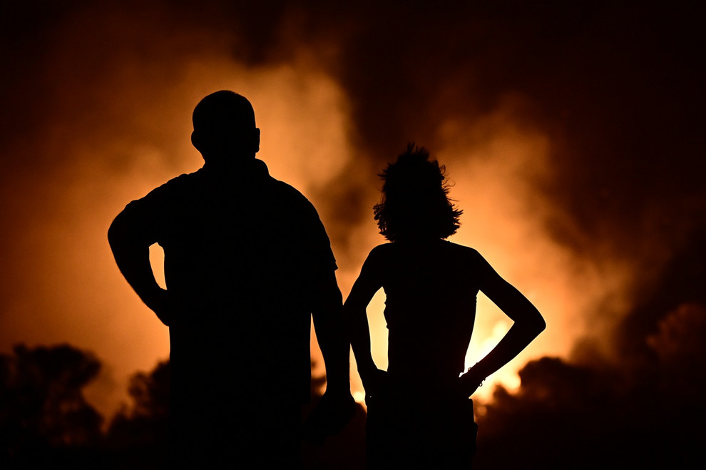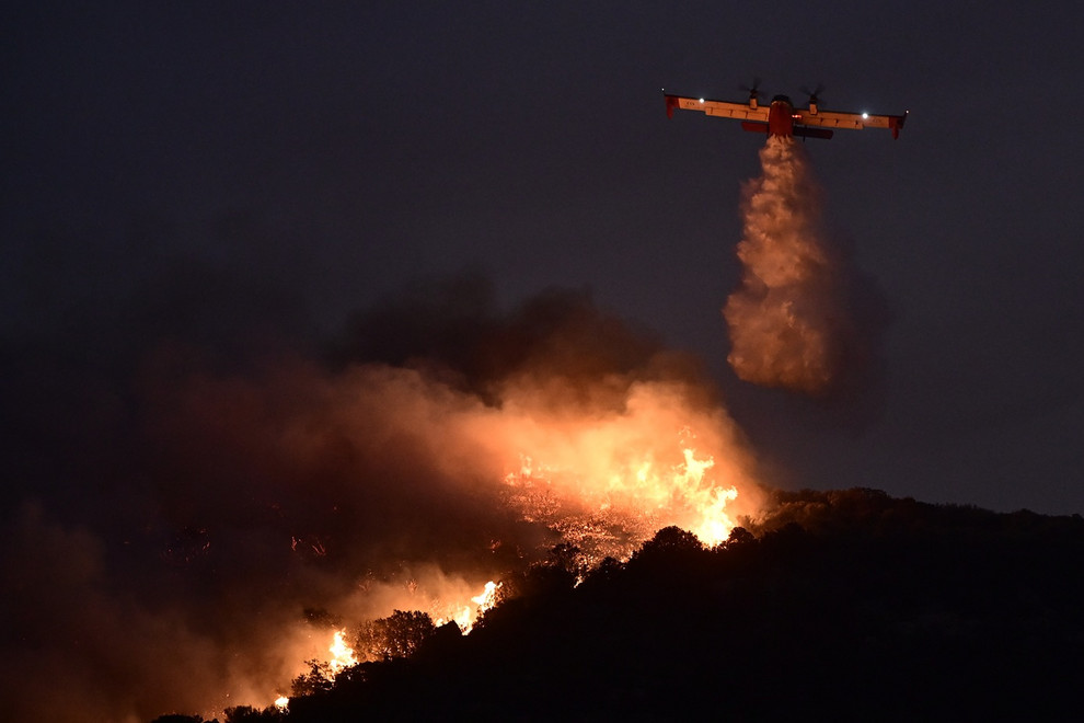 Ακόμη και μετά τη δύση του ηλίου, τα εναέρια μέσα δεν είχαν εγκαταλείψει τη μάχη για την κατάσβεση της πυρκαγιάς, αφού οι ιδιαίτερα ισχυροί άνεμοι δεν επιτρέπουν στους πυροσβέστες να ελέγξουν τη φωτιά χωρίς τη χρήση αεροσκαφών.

- - - - - - -

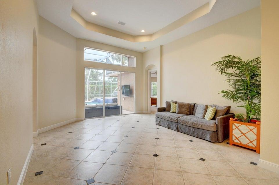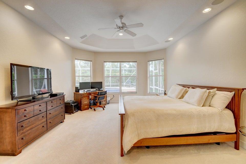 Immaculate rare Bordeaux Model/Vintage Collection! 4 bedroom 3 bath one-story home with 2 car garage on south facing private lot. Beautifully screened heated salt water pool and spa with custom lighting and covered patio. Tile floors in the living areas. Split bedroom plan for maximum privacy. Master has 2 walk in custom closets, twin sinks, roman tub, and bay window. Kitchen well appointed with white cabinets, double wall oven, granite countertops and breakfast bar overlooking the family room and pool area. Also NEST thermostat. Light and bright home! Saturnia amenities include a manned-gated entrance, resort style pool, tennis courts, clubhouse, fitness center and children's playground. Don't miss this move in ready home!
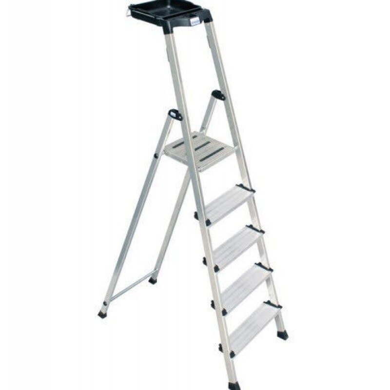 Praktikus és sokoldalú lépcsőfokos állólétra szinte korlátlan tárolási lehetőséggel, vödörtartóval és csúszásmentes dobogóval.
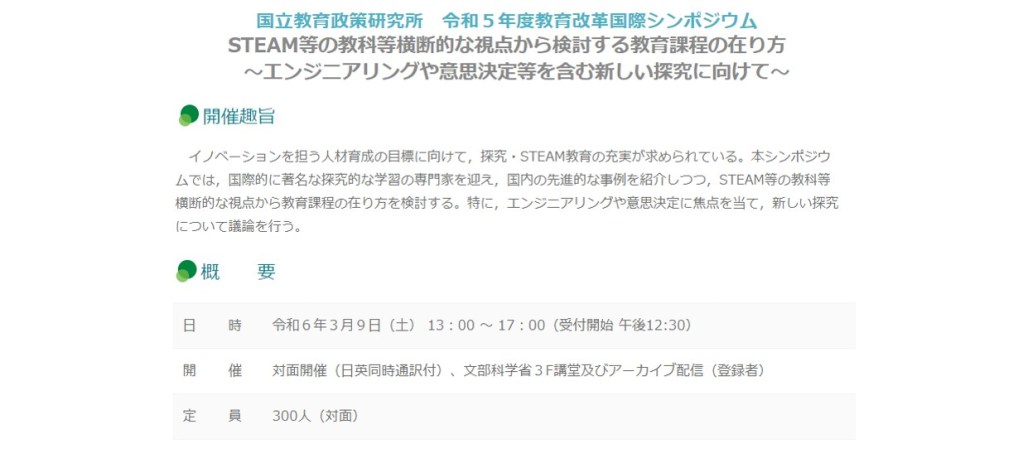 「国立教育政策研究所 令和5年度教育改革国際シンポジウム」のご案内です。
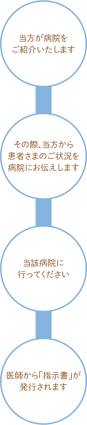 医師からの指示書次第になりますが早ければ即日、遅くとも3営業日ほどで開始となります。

- - - - - - -

> **YOUR TASK**
Print, exactly, each line above from the one with "Praktikus és sokoldalú" to the one with "医師からの指示書次第になりま", end lines included. Leave pictures out of it.

> **ANSWER FOR THIS EXERCISE**
 Praktikus és sokoldalú lépcsőfokos állólétra szinte korlátlan tárolási lehetőséggel, vödörtartóval és csúszásmentes dobogóval.
 「国立教育政策研究所 令和5年度教育改革国際シンポジウム」のご案内です。
 医師からの指示書次第になりますが早ければ即日、遅くとも3営業日ほどで開始となります。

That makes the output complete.